Abstract
Background
Estimation of time since death/postmortem interval (PMI) forms a crucial component for all autopsy surgeons. With the subjectivity that is prevalent with conventional morphological and physical signs of death, newer-age modalities such as chemical analysis provide better precision. The easy accessibility and the resistance to putrefaction make vitreous humor the best choice for such chemical analysis. Thus, the present study's aim is to estimate the time since death in cases of unnatural death by investigating the potassium level changes in the vitreous humor.
Methodology
This is a facility-based cross-sectional study conducted in the mortuary under the Department of Forensic Medicine in a public tertiary healthcare teaching hospital in South India between August and September 2022. Deceased individuals fulfilling the inclusion and exclusion criteria were recruited in the study. Vitreous samples were collected from a single eye and analyzed using an autoanalyzer for potassium values. After due derivations, postmortem intervals were calculated from potassium values, then they were compared with the PMIs estimated using physical signs and those determined using official police records. Data were entered using MS Excel 20 (Microsoft Corporation, Redmond, Washington) and analyzed using the Statistical Package for the Social Sciences (SPSS) software, version 20 (IBM Corp., Armonk, NY).
Results
Of the 100 deceased individuals included in the study, 68% were men, and the majority (24%) belonged to the age group of 53-62 years. A linear relationship is said to exist between vitreous potassium concentration and postmortem interval. No correlation was seen between the ambient temperature and the potassium levels of the vitreous humor.

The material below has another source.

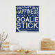 Another original Game Face Gear design! Available on wrapped canvas prints and posters. These make great gifts for your sports mad family and friends, even better, get yourself one! Perfect for offices, living rooms, man caves, dens, lady caves etc! Funny hockey netminder design, with the text: YOU CAN'T BUY HAPPINESS, BUT YOU CAN BUY A GOALIE STICK AND THAT'S KINDA THE SAME THING. Big bold design great for t-shirts and hoodies!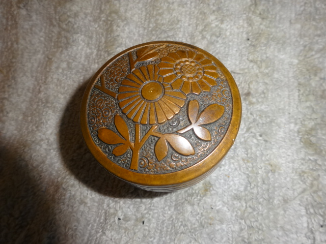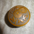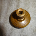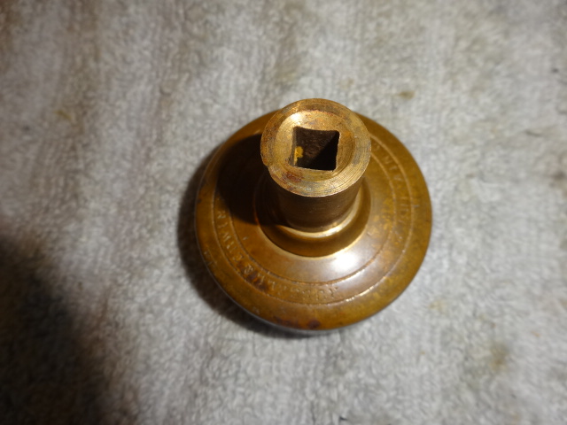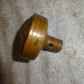 Sunflower knob showing the mfd. markings on back with normal usage ware. Knob is in overall excellent condition that displays well. Takes a 5/16” spindle and has a 11/16” shank

PMI confirmed by the potassium levels seconded the PMI given by the police records and physical signs (Rigor mortis) (Spearman’s rho was statistically significant at the two-tailed level or at the 0.01 level with a kappa value of 0.88).
Conclusion
Potassium measurements in the vitreous humor to estimate the PMI are associated with improved accuracy and precision in determining the time since death. They are not affected by external factors, making them a reliable marker for the same.
Keywords: post-mortem interval (pmi), vitreous humour, unnatural death, potassium, time since death
Introduction
When the death of a person is attributed to uncertain causes, an autopsy is a tool that comes to the rescue to establish an effective diagnosis [1]. In autopsy, estimation of the time since death (TSD)/postmortem interval (PMI) becomes important due to its role in determining appropriate civil and criminal repercussions. It is merely the calculation of a quantifiable and computable date and time frame along a time-dependent curve expressed within an interval range [2]. Autopsy surgeons commonly depend on the physical signs of death, which have much subjectivity. Thus, the reliability and accuracy of the PMI are jeopardized [3]. For all practical purposes, any death not resulting from an underlying disease can fall under the ambit of unnatural death. Unnatural deaths are conventionally a combination of multiple actions. Thus, estimating the TSD in such cases becomes extremely cumbersome, and the tradition of morphological diagnostics would fail in precision [4-7].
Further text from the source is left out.